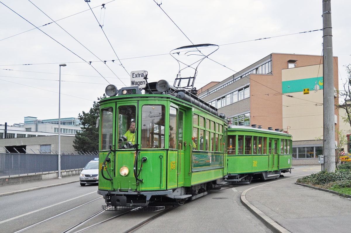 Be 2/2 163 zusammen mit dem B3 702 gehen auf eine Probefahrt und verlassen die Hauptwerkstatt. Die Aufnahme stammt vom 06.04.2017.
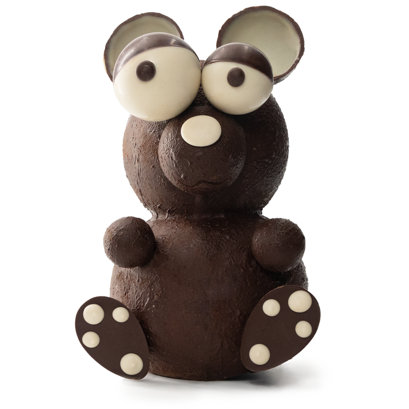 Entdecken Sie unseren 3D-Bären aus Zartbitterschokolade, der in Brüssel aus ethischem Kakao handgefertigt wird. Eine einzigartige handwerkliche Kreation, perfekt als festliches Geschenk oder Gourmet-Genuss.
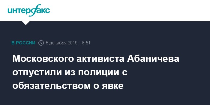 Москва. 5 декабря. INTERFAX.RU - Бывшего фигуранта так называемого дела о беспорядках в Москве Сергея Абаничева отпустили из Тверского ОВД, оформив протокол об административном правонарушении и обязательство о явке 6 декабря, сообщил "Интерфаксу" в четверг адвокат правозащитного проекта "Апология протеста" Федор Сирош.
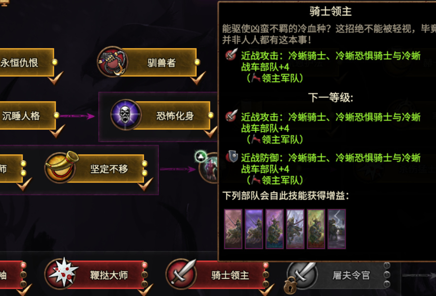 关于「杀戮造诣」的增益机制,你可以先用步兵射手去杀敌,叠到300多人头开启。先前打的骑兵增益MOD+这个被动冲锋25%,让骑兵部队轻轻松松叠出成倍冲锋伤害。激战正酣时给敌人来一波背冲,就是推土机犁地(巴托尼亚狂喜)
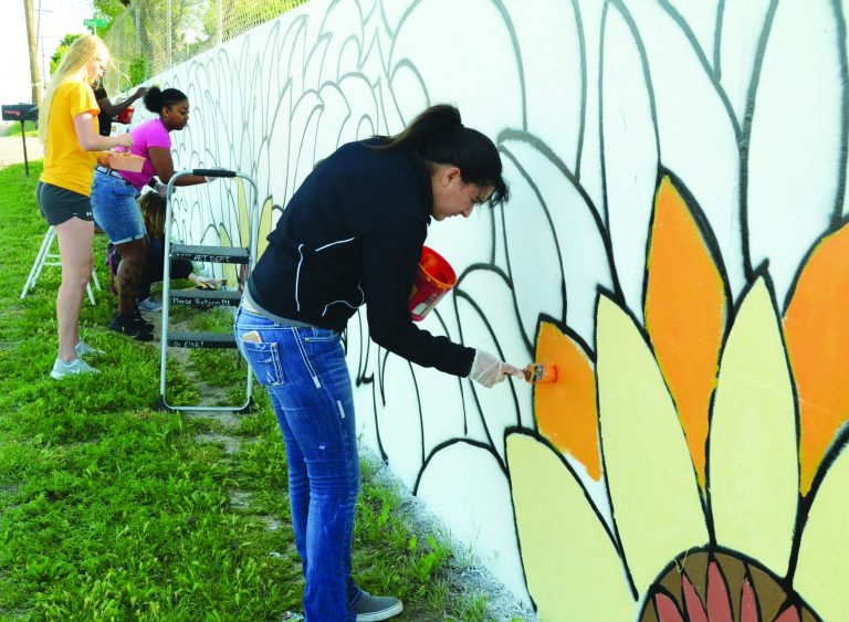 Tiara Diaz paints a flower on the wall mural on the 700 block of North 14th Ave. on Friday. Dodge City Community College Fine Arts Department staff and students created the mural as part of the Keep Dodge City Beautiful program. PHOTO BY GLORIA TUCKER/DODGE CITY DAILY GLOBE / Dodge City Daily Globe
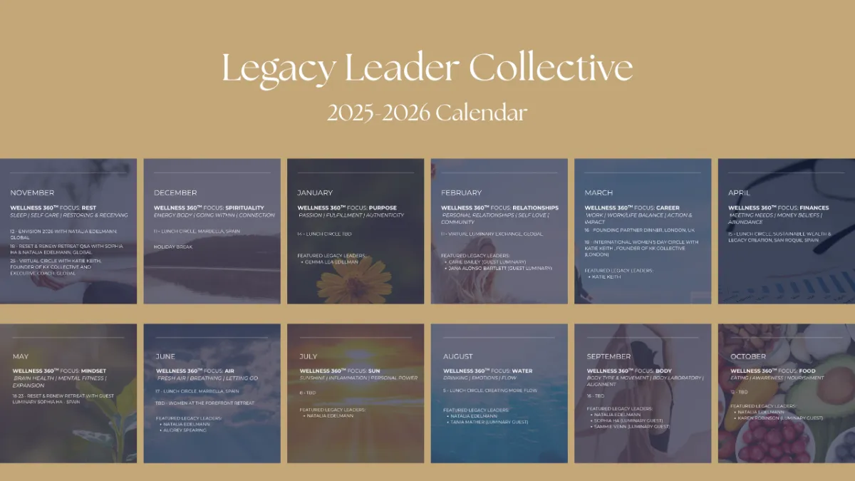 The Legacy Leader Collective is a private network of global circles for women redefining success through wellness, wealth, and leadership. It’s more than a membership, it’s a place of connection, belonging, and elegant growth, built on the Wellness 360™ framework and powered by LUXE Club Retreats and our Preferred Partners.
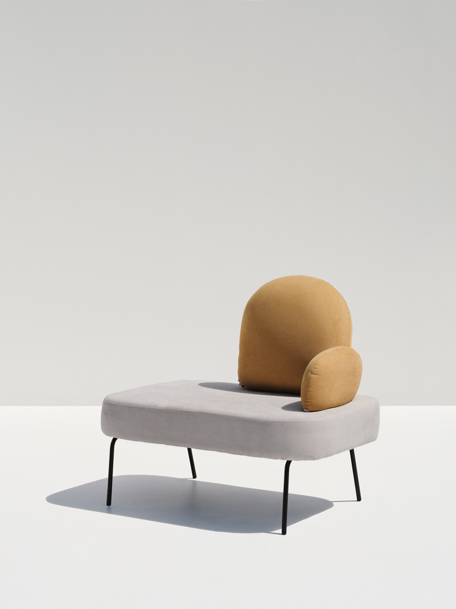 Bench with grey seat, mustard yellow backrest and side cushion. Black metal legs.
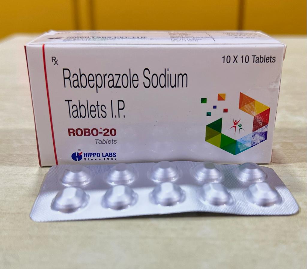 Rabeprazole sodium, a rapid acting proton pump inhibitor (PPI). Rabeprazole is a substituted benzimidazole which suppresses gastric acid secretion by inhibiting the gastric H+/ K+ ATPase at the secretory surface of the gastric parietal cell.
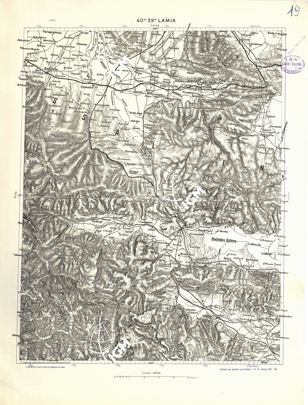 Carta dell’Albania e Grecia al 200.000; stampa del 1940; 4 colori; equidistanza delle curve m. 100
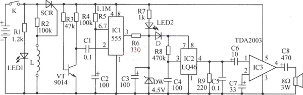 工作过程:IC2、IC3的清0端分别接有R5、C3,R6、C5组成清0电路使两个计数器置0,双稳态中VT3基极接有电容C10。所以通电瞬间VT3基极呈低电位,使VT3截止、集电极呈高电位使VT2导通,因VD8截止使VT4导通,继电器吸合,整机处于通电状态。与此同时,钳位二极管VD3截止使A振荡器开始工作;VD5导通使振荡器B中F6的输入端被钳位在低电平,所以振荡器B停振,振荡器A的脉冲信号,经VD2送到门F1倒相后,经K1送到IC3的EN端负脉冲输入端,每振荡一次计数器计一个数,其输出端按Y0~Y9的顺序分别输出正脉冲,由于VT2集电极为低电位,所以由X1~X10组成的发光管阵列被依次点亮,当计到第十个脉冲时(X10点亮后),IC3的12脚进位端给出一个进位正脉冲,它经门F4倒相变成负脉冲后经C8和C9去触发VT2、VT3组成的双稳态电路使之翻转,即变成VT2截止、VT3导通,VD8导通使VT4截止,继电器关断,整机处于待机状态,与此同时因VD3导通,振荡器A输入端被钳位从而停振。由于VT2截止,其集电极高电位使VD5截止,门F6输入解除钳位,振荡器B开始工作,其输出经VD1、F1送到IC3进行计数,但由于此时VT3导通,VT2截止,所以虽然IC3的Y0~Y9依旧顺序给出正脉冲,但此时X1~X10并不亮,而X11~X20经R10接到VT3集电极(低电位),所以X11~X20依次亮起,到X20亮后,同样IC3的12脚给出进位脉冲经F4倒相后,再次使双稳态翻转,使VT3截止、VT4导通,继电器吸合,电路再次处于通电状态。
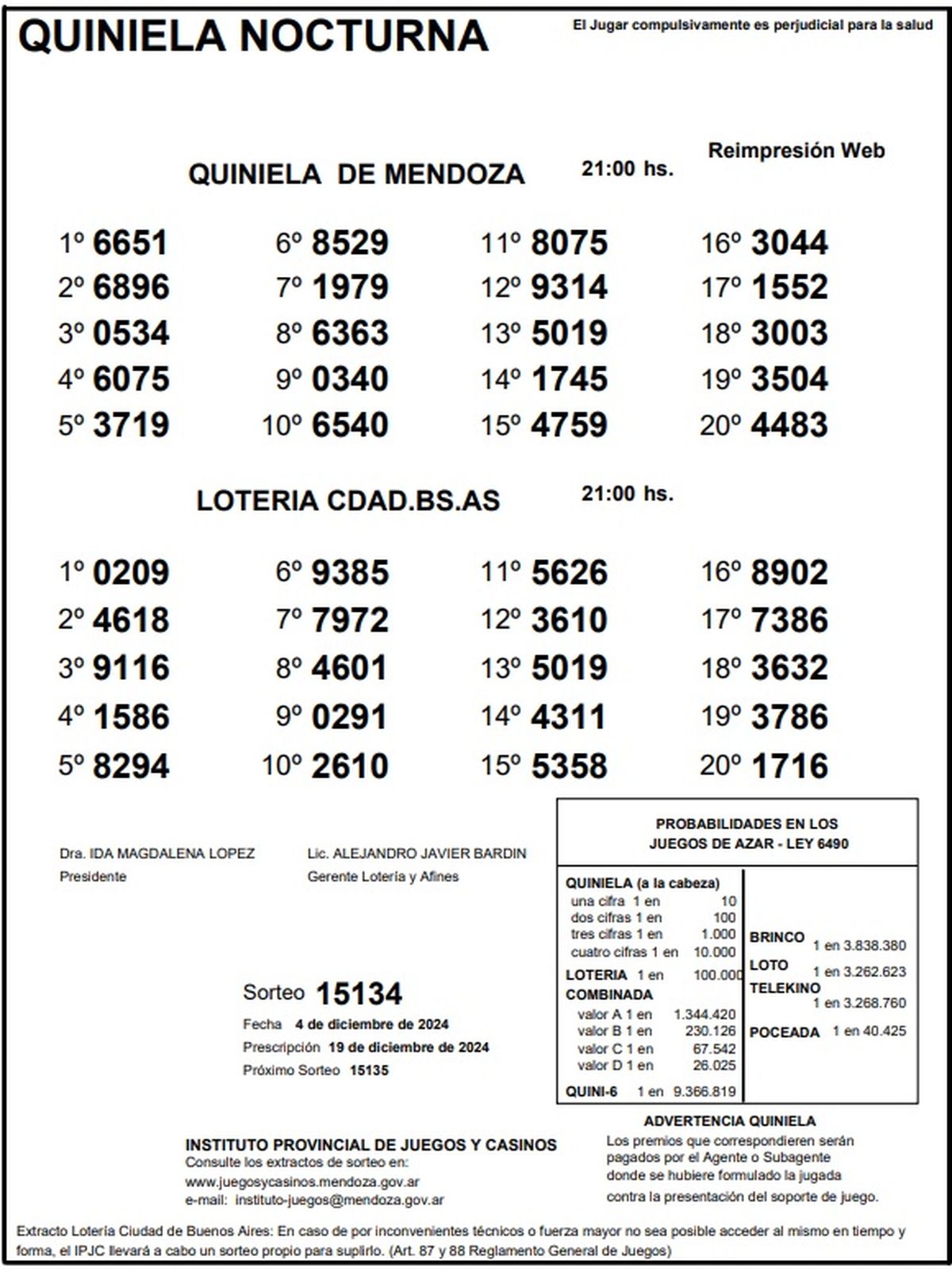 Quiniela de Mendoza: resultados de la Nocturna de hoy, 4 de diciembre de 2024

_ _ _ _ _

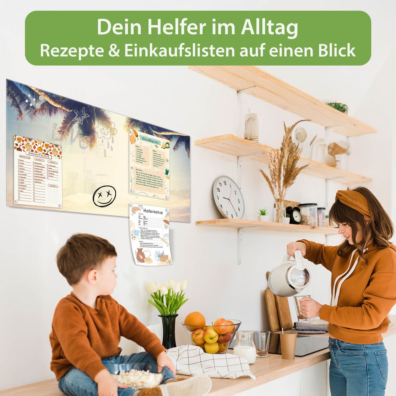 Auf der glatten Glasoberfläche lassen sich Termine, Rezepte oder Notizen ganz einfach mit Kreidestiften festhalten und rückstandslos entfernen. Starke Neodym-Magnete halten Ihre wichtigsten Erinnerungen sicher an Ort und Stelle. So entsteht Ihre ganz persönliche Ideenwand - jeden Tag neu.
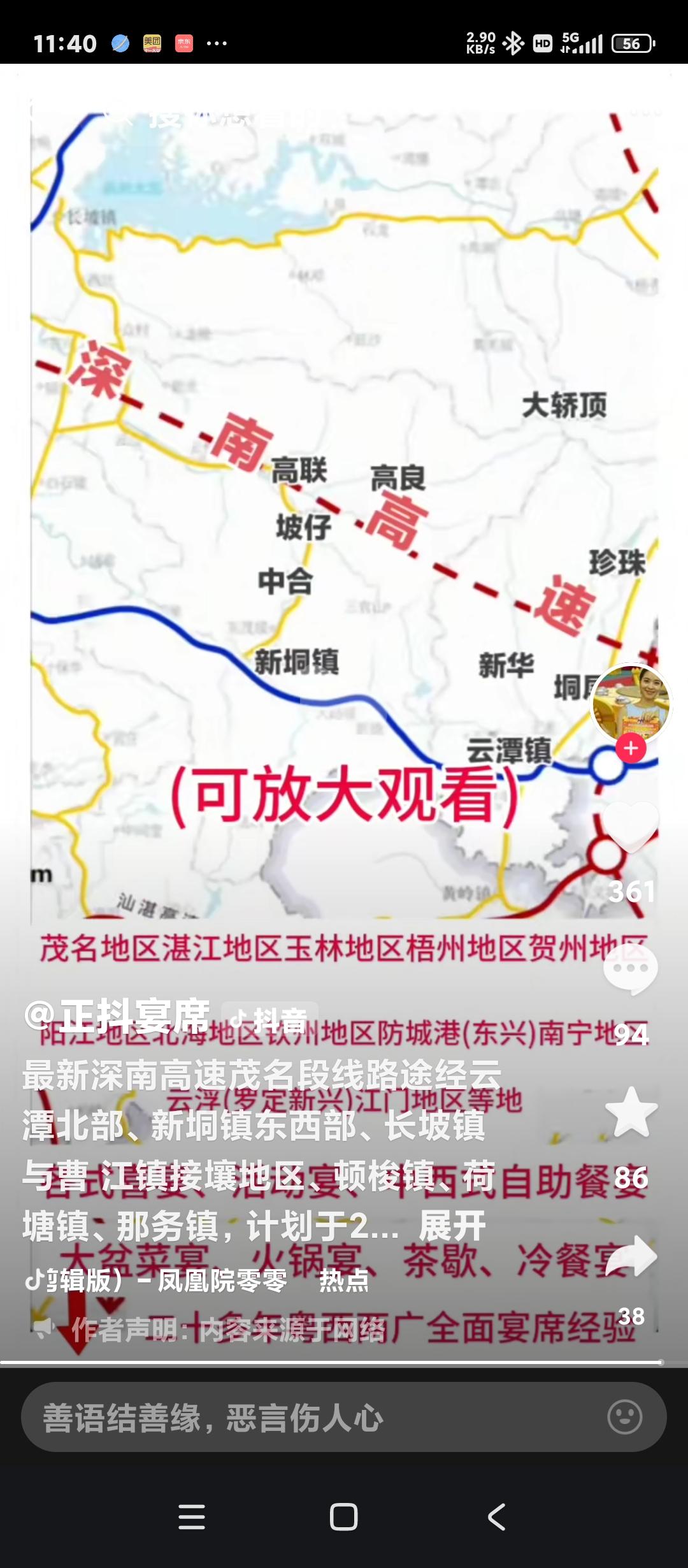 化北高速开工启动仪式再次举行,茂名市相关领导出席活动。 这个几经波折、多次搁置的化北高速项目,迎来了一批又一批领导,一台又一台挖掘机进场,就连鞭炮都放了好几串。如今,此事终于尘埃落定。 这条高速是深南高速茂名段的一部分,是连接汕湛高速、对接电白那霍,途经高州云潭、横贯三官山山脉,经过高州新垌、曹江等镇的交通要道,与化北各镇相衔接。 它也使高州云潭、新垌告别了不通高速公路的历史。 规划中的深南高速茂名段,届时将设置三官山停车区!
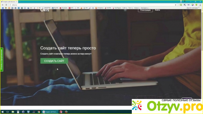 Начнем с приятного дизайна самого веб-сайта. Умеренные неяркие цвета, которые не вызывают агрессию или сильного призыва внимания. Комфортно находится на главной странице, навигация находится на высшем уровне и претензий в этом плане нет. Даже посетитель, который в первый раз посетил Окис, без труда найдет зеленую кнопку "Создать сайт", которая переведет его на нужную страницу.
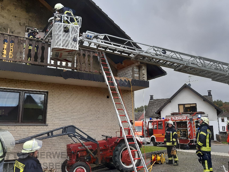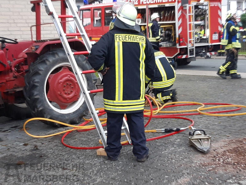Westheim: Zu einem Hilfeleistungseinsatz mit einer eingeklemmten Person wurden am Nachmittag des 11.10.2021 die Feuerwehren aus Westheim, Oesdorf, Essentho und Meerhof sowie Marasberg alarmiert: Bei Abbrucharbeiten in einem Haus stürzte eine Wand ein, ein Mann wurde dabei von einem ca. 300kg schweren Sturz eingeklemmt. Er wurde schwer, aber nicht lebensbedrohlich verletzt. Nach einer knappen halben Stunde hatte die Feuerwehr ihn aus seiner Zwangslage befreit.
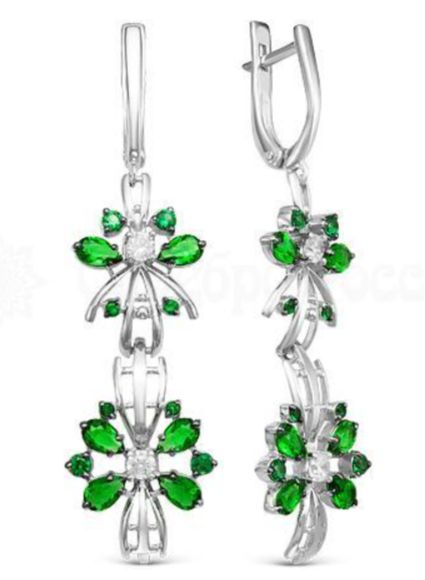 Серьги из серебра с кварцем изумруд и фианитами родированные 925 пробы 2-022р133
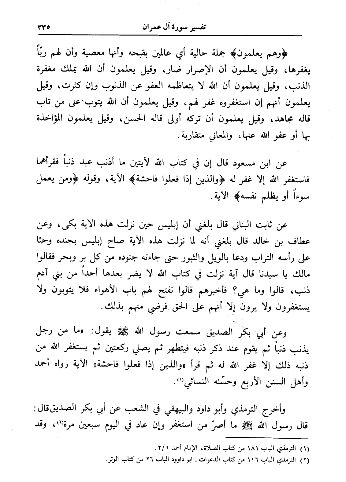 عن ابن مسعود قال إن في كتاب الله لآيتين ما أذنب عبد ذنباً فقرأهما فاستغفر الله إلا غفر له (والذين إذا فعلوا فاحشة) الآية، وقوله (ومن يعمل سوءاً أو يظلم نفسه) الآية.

_ _ _ _ _

Find where the line with "Be 2/2 163 zusammen" sits in the material above and where the line with "Rabeprazole sodium, a" sits. Set down exactly the lines from the first to the second, both included and nothing else, without pictures.

 Be 2/2 163 zusammen mit dem B3 702 gehen auf eine Probefahrt und verlassen die Hauptwerkstatt. Die Aufnahme stammt vom 06.04.2017.
 Entdecken Sie unseren 3D-Bären aus Zartbitterschokolade, der in Brüssel aus ethischem Kakao handgefertigt wird. Eine einzigartige handwerkliche Kreation, perfekt als festliches Geschenk oder Gourmet-Genuss.
 Москва. 5 декабря. INTERFAX.RU - Бывшего фигуранта так называемого дела о беспорядках в Москве Сергея Абаничева отпустили из Тверского ОВД, оформив протокол об административном правонарушении и обязательство о явке 6 декабря, сообщил "Интерфаксу" в четверг адвокат правозащитного проекта "Апология протеста" Федор Сирош.
 关于「杀戮造诣」的增益机制,你可以先用步兵射手去杀敌,叠到300多人头开启。先前打的骑兵增益MOD+这个被动冲锋25%,让骑兵部队轻轻松松叠出成倍冲锋伤害。激战正酣时给敌人来一波背冲,就是推土机犁地(巴托尼亚狂喜)
 Tiara Diaz paints a flower on the wall mural on the 700 block of North 14th Ave. on Friday. Dodge City Community College Fine Arts Department staff and students created the mural as part of the Keep Dodge City Beautiful program. PHOTO BY GLORIA TUCKER/DODGE CITY DAILY GLOBE / Dodge City Daily Globe
 The Legacy Leader Collective is a private network of global circles for women redefining success through wellness, wealth, and leadership. It’s more than a membership, it’s a place of connection, belonging, and elegant growth, built on the Wellness 360™ framework and powered by LUXE Club Retreats and our Preferred Partners.
 Bench with grey seat, mustard yellow backrest and side cushion. Black metal legs.
 Rabeprazole sodium, a rapid acting proton pump inhibitor (PPI). Rabeprazole is a substituted benzimidazole which suppresses gastric acid secretion by inhibiting the gastric H+/ K+ ATPase at the secretory surface of the gastric parietal cell.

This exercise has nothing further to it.